+++ The data +++

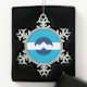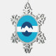 Snowflake Ornament with a design with the flag of Ogden, Utah. A blue and white flag with mountain peaks in the center
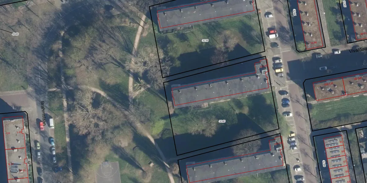 Het perceel waarop het adres ligt is LDN01-O-3240. De afkorting 'LDN01' staat voor kadastrale gemeente Leiden. De gemiddelde perceeloppervlakte in de kadastrale gemeente Leiden is 703,94 m². Dit perceel is met zijn 2330 m² dus groter dan gemiddeld. De grootste perceeloppervlakte in de kadastrale gemeente is 51,8 ha. De kleinste oppervlakte bedraagt 0 m². Op het perceel zijn 26 adressen aanwezig. De laatste wijziging in het de Basisregistratie Kadaster (BRK) was op 07-12-2007.
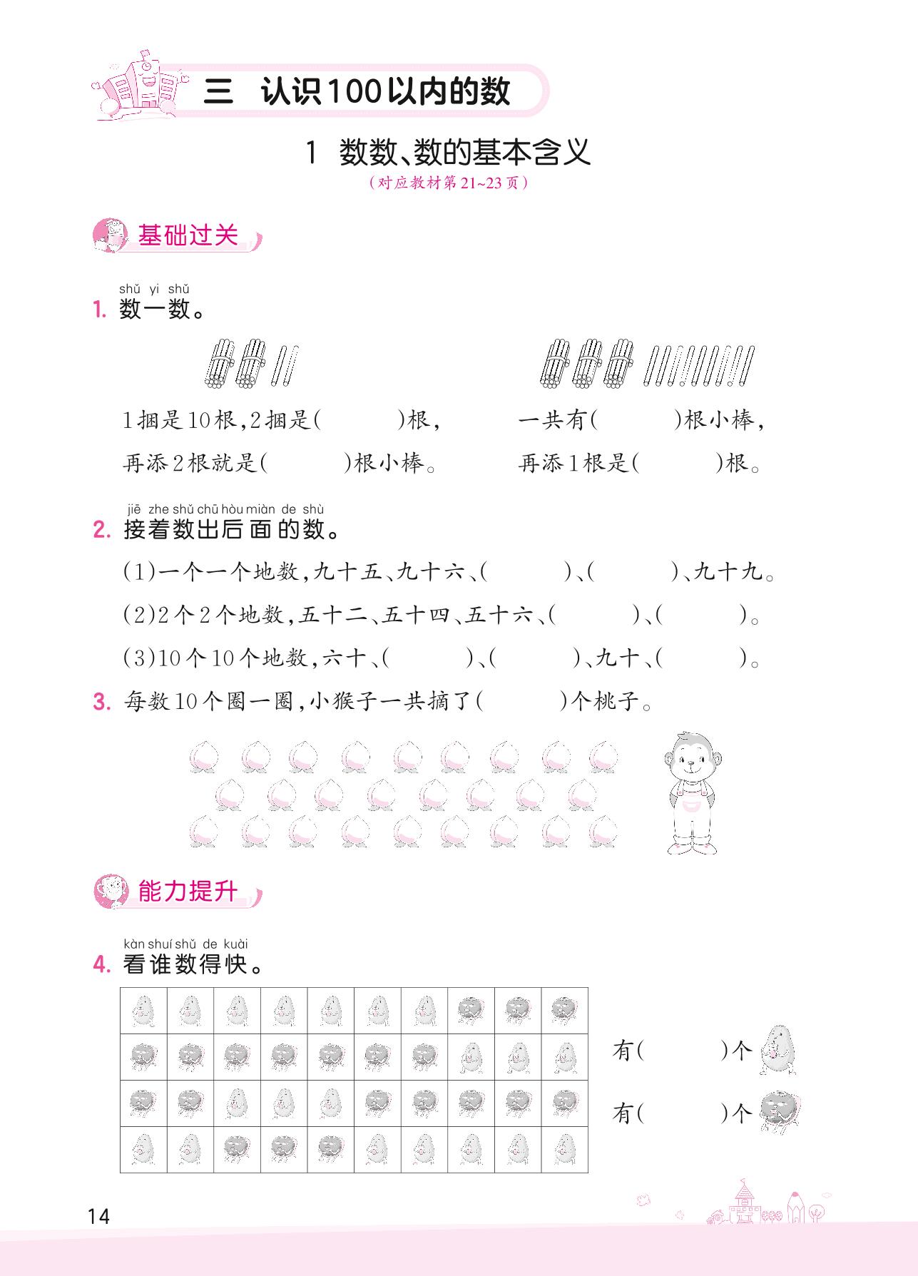 2022下册一年级数学苏教版 三 认识100以内的数——1 数数、数的基本含义
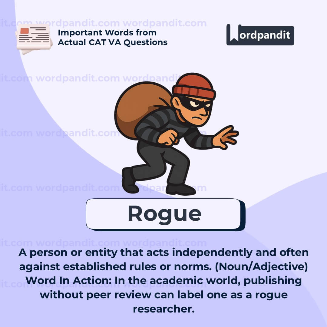 "Rogue" often describes someone who defies convention or authority. In academic or professional settings, it may imply innovation, rebellion, or risk-taking. Whether it's positive or negative depends on context. In pop culture, think of “rogue agents” or “rogue nations”—actors operating independently and sometimes causing disruption.
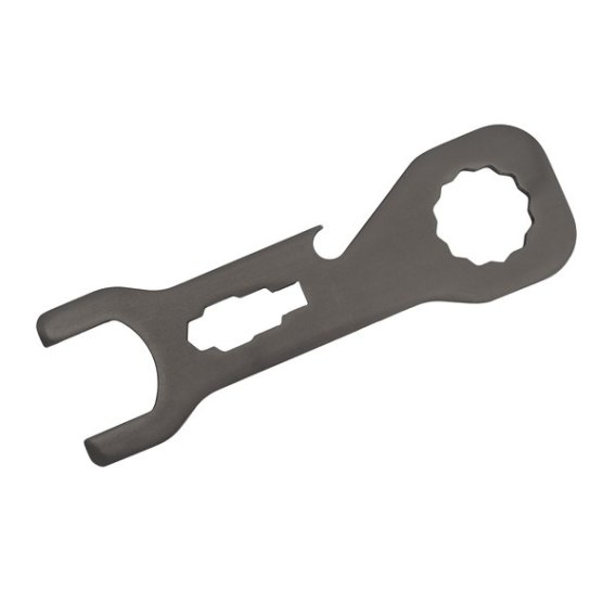 Klucz wielofunkcyjny zawiera: klucze oczkowe, płaski i otwieracz do butelek.
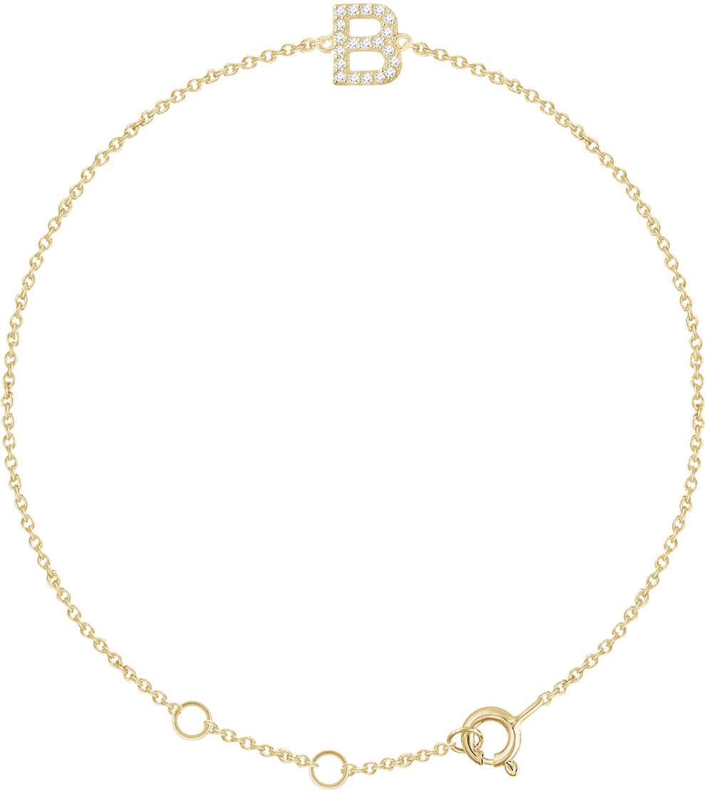 14K Yellow .07 CTW Diamond Initial B 6-7" Bracelet

+++

Without the pictures, write out the lines from the beginning of the entries through the line with "Het perceel waarop".

 Snowflake Ornament with a design with the flag of Ogden, Utah. A blue and white flag with mountain peaks in the center
 Het perceel waarop het adres ligt is LDN01-O-3240. De afkorting 'LDN01' staat voor kadastrale gemeente Leiden. De gemiddelde perceeloppervlakte in de kadastrale gemeente Leiden is 703,94 m². Dit perceel is met zijn 2330 m² dus groter dan gemiddeld. De grootste perceeloppervlakte in de kadastrale gemeente is 51,8 ha. De kleinste oppervlakte bedraagt 0 m². Op het perceel zijn 26 adressen aanwezig. De laatste wijziging in het de Basisregistratie Kadaster (BRK) was op 07-12-2007.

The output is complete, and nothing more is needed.